Мишка и бригадир обернулись.
Ткаченко с Зигуновым несли грабли и рукавицы.
– А вы что, пупы надорвали? – шагнул к ним бригадир.
Мишка подошел к Зигунову, тот сунул ему стопку рукавиц.
Саламатин протянул руку к граблям, распустившимся веером на плече Ткаченко, но тот уклонился:
– Да шучу, Егорыч. Чего тут нести.
– Все хорошие? Ломаных нет?
– Нет, нет…
– Ну, иди вперед.
Бригадир пропустил Ткаченко.
По очереди прошли через поскрипывающую вертушку.
На улице ждала бригада.
– Во, Сашок самые новенькие выбрал…
– Семейный, сразу сообразил.
Ткаченко снял грабли с плеч:
– Разбирайте…
Мишка стал раздавать рукавицы.
Творогов постучал граблями по асфальту:
– Нормально… Такими и целину пахать можно…
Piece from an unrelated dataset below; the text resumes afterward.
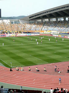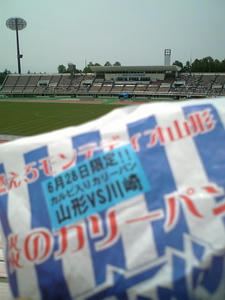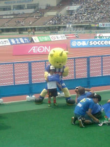 0-0です。川崎の攻撃は怖いが、山形もひけをとらずいいサッカーしてるなぁ。いやー他にもいろいろと勉強になります。これは試合前のファンサ中のディーオだが、暑くて肩で息してたwwwがんばれディーオ!

– Откуда начинать, Егорыч?
Саламатин огляделся, махнул рукой на левый газон:
– Вот наш.
– А правый?
– А тут насосники будут убирать.
– Ясно…
Усеянный опавшей листвой газон тянулся вдоль каменной заводской ограды вместе с неровным рядом невысоких тополей. Их длинные, потерявшие почти всю листву ветки слегка шевелились. Разобрав грабли и надев рукавицы, рабочие двинулись к газону. Саламатин разорвал нитку, скрепляющую новенькую пару рукавиц. Мишка постучал древком грабель по асфальту, насаживая их потуже:
– Гвоздика нет.
– Что? Какого? – повернулся к нему бригадир.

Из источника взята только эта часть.